> [DATA PROVIDED]
┌──

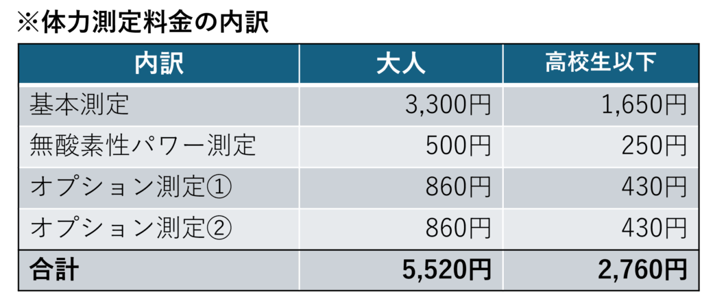 ①体力測定(大人5,520円/円、高校生以下:2,760円/人)+ウエイトトレーニング指導(大人1,440円/円、高校生以下:720円/人)+栄養指導(大人1,100円/人、高校生以下550円/人)
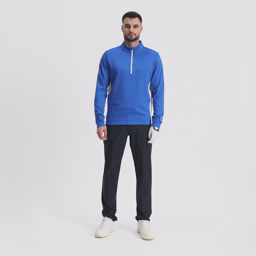 Introducing Don, a half-zip pullover mid layer crafted with a new Warming Effect #1 fabric. This lightweight, smooth fabric offers a soft surface inside and out, providing excellent next-to-skin comfort. Designed to be worn as an extra layer on warmer days or under a jacket for added warmth, the Don mid layer combines breathability and quick-dry properties to keep you comfortable throughout your round. Its stretch fabric allows for freedom of movement, while the soft handfeel ensures comfort during active play.
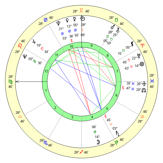| Sun | 28 Gemini 9 | 28 Gemini 40 | 27 Virgo 30 |
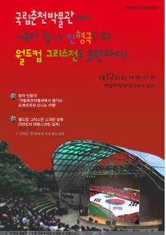 국립춘천박물관(정성희 관장)은 야간 연장 개관을 통해 특별행사로 ‘국립춘천박물관에서 가족과 함께 인형극도 보고, 월드컵 그리스전도 응원하자!’를 마련하였다고 8일 발표하였다.

└──

> [TASK DESCRIPTION]
Leave out the pictures and repeat the lines from the start of the material through the line with "27 Virgo 30 |", inclusive.

> [EXERCISE RESULT]
 ①体力測定(大人5,520円/円、高校生以下:2,760円/人)+ウエイトトレーニング指導(大人1,440円/円、高校生以下:720円/人)+栄養指導(大人1,100円/人、高校生以下550円/人)
 Introducing Don, a half-zip pullover mid layer crafted with a new Warming Effect #1 fabric. This lightweight, smooth fabric offers a soft surface inside and out, providing excellent next-to-skin comfort. Designed to be worn as an extra layer on warmer days or under a jacket for added warmth, the Don mid layer combines breathability and quick-dry properties to keep you comfortable throughout your round. Its stretch fabric allows for freedom of movement, while the soft handfeel ensures comfort during active play.
| Sun | 28 Gemini 9 | 28 Gemini 40 | 27 Virgo 30 |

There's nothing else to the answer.